Repeat exactly the lines of the material below that run from the "S demolicí mostu" line to the "Inkijkje in de" line, including both, and do not carry over any pictures.

__DATA SHOWN__
*** Begin section ***

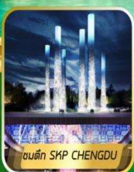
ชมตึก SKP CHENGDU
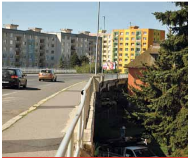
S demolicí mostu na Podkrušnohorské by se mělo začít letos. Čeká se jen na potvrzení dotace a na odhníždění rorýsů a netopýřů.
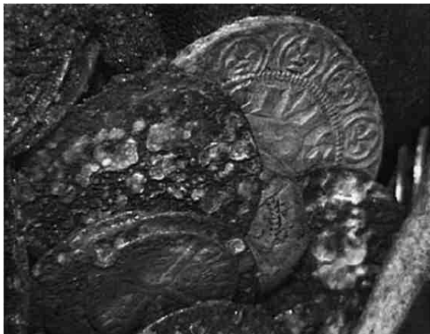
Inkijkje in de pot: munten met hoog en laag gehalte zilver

*** End section ***
*** Begin section ***

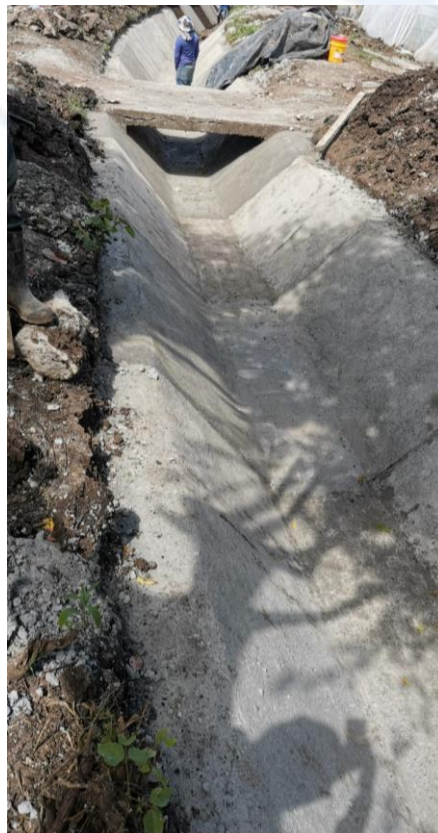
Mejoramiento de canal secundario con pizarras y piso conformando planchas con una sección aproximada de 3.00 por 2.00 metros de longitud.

*** End section ***

__TASK ANSWER__
S demolicí mostu na Podkrušnohorské by se mělo začít letos. Čeká se jen na potvrzení dotace a na odhníždění rorýsů a netopýřů.
Inkijkje in de pot: munten met hoog en laag gehalte zilver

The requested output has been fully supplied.